Decide which of these things went wrong and adjust your plan. Write down the new plan and you are ready for next week.
The overall point here is: pick something and work it until it works. If after 6 weeks if you still aren’t there, pick a different brand and start over or adjust…change the Picky bars to Amrita bars, or change the Amrita pars to Power Bars. Adjust, but use YOUR experiences, not others and give your initial products a decent chance at working.
5.) After 6 weeks of this process, I promise you that you will be 90% there, or you will be 100% sure what doesn’t work. And guess what, you won’t have to wait until race day to find that out! If you did not go rogue, if you really stuck to doing the plan and then assessing afterwards, 6 weeks later you will have made serious progress.
So, why aren’t people really doing this? I will tell you this. The good ones are.

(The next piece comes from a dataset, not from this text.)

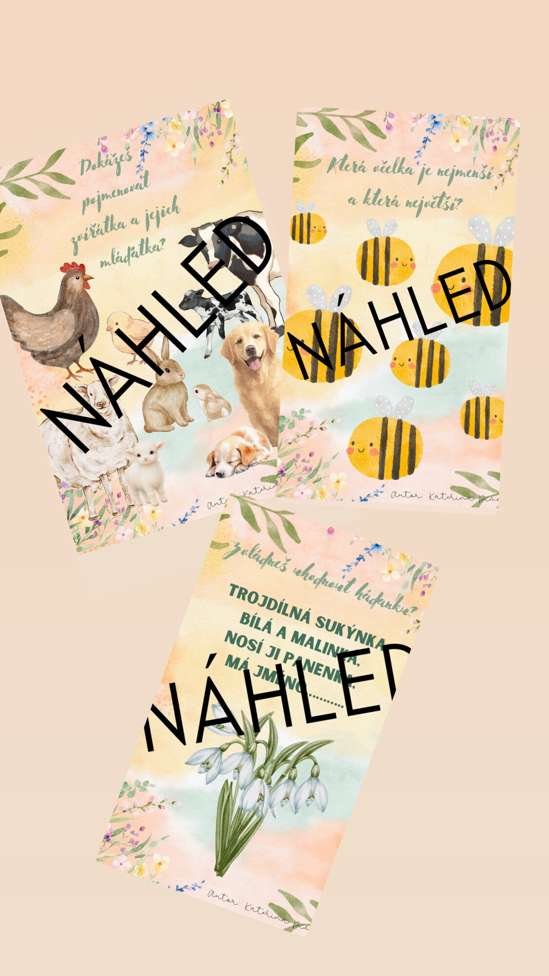 - témata: jaro, mláďátka, zvířátka, květiny, Velikonoce

The good ones are doing a little reading, a little research, they are keeping their thumb on the pulse of the nutrition industry, but for ever hour they spend researching, they are doing 20 hours of personal research. Once you have a working plan that only needs minor fine tuning, it’s very easy to ignore the mass of articles and dribble out there that constantly is being spewed forth (like this one…CRAP…abort abort…stop reading…go riding).

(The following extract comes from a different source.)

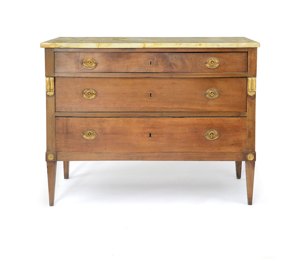 CASSETTONE IN NOCE, FINE XVIII SECOLO, fronte a tre cassetti, montanti con voluta intagliata e dorata, gambe ad obelisco rovesciato, piano in marmo d'epoca successiva; difetti e usure.

I think in this sport, a lot of people just want to go out there and train. They just want to shut off the brain, and use the training for fun and stress relief, to feed their ego. A lot of people are out there hammering away the personal issues they are having in life. And for those types, often times, race day is where they have to face the true consequences of those decisions. It’s reactive training, not proactive training. I think it was Brett Sutton that tweeted, “we only train to be faster on race day” (but probably with more typos). Think about that one.
The people at the top…they are proactively training. They are experimenting often because they are in the sport to learn more about their limits, or more about how limitless their limits really are. That type of training means constant, calculated, and reflective experimentation. It’s getting out of your head, away from your issues, and onto the task at hand.